| EXERCISE DETAILS |
Nothing in the records should be changed in the copy, though the pictures must be left out.

———

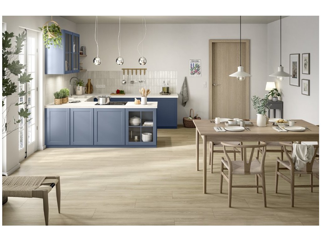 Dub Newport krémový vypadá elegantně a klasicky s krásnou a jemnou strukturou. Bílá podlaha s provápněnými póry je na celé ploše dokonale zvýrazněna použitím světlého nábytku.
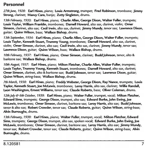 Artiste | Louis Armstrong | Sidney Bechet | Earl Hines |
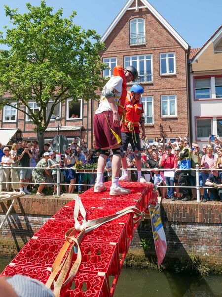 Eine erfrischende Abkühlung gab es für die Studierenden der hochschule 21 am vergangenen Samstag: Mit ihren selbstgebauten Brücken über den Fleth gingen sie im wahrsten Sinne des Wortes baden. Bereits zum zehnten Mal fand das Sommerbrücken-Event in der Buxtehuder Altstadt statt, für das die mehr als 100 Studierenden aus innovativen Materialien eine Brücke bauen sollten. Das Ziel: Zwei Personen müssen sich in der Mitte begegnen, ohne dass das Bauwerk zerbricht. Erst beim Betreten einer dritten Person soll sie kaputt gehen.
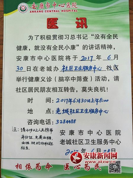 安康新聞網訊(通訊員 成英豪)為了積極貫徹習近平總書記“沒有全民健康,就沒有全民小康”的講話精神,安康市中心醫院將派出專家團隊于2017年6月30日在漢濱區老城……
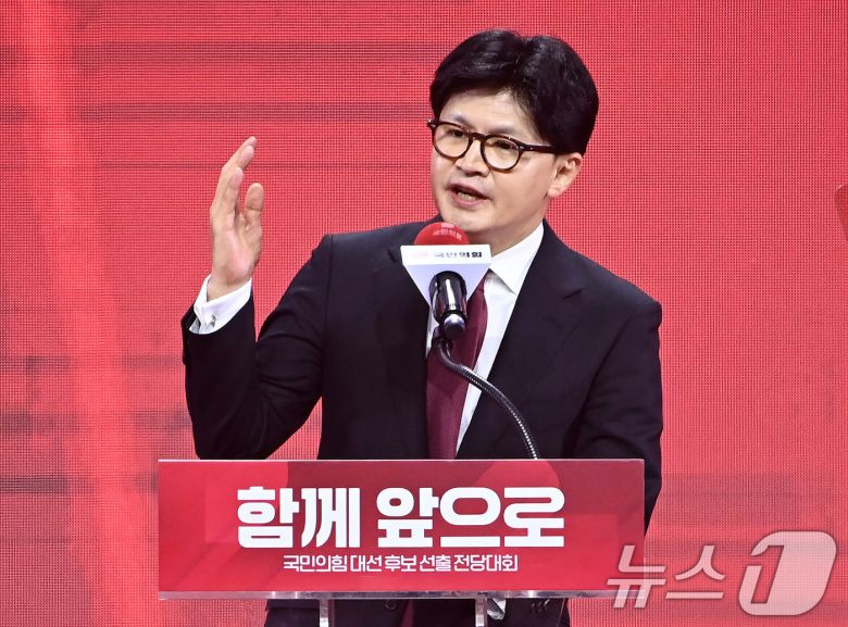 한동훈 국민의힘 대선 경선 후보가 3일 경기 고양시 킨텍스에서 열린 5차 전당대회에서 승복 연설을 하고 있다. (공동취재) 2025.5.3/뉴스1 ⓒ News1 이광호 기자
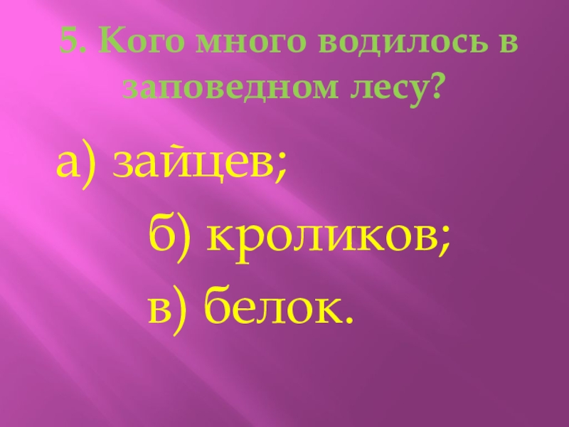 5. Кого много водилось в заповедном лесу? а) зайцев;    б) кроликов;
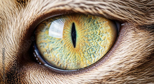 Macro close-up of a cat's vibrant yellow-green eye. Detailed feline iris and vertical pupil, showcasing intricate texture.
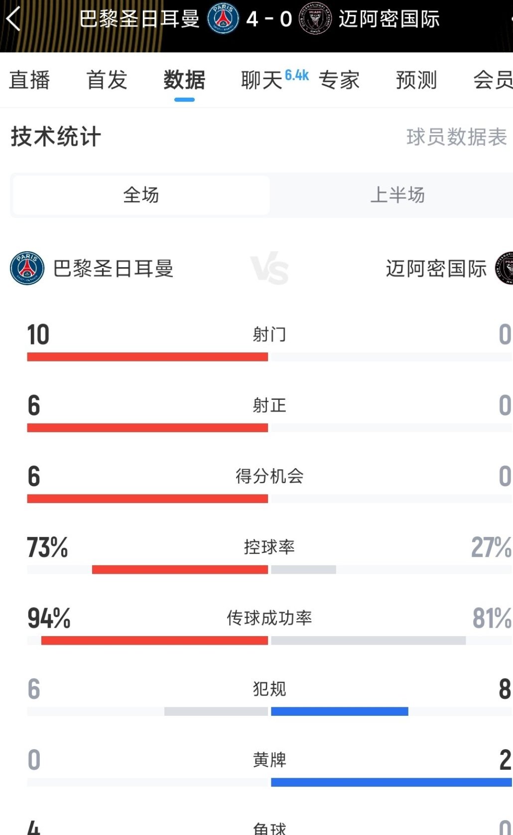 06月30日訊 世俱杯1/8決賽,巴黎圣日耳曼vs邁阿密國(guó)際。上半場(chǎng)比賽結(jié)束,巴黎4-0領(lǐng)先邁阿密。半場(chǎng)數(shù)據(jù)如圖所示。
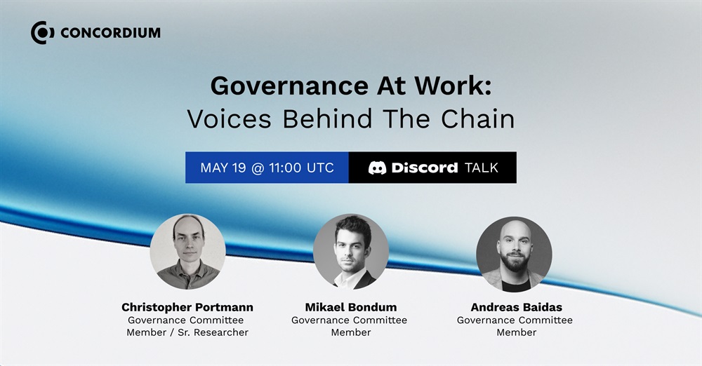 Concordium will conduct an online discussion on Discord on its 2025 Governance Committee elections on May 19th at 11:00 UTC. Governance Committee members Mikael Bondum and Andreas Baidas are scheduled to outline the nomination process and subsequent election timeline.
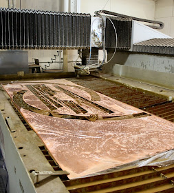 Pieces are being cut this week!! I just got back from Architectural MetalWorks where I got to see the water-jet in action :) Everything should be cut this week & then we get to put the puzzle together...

———

| EXERCISE RESPONSE |
 Dub Newport krémový vypadá elegantně a klasicky s krásnou a jemnou strukturou. Bílá podlaha s provápněnými póry je na celé ploše dokonale zvýrazněna použitím světlého nábytku.
 Artiste | Louis Armstrong | Sidney Bechet | Earl Hines |
 Eine erfrischende Abkühlung gab es für die Studierenden der hochschule 21 am vergangenen Samstag: Mit ihren selbstgebauten Brücken über den Fleth gingen sie im wahrsten Sinne des Wortes baden. Bereits zum zehnten Mal fand das Sommerbrücken-Event in der Buxtehuder Altstadt statt, für das die mehr als 100 Studierenden aus innovativen Materialien eine Brücke bauen sollten. Das Ziel: Zwei Personen müssen sich in der Mitte begegnen, ohne dass das Bauwerk zerbricht. Erst beim Betreten einer dritten Person soll sie kaputt gehen.
 安康新聞網訊(通訊員 成英豪)為了積極貫徹習近平總書記“沒有全民健康,就沒有全民小康”的講話精神,安康市中心醫院將派出專家團隊于2017年6月30日在漢濱區老城……
 한동훈 국민의힘 대선 경선 후보가 3일 경기 고양시 킨텍스에서 열린 5차 전당대회에서 승복 연설을 하고 있다. (공동취재) 2025.5.3/뉴스1 ⓒ News1 이광호 기자
 5. Кого много водилось в заповедном лесу? а) зайцев;    б) кроликов;
 Macro close-up of a cat's vibrant yellow-green eye. Detailed feline iris and vertical pupil, showcasing intricate texture.
 06月30日訊 世俱杯1/8決賽,巴黎圣日耳曼vs邁阿密國(guó)際。上半場(chǎng)比賽結(jié)束,巴黎4-0領(lǐng)先邁阿密。半場(chǎng)數(shù)據(jù)如圖所示。
 Concordium will conduct an online discussion on Discord on its 2025 Governance Committee elections on May 19th at 11:00 UTC. Governance Committee members Mikael Bondum and Andreas Baidas are scheduled to outline the nomination process and subsequent election timeline.
 Pieces are being cut this week!! I just got back from Architectural MetalWorks where I got to see the water-jet in action :) Everything should be cut this week & then we get to put the puzzle together...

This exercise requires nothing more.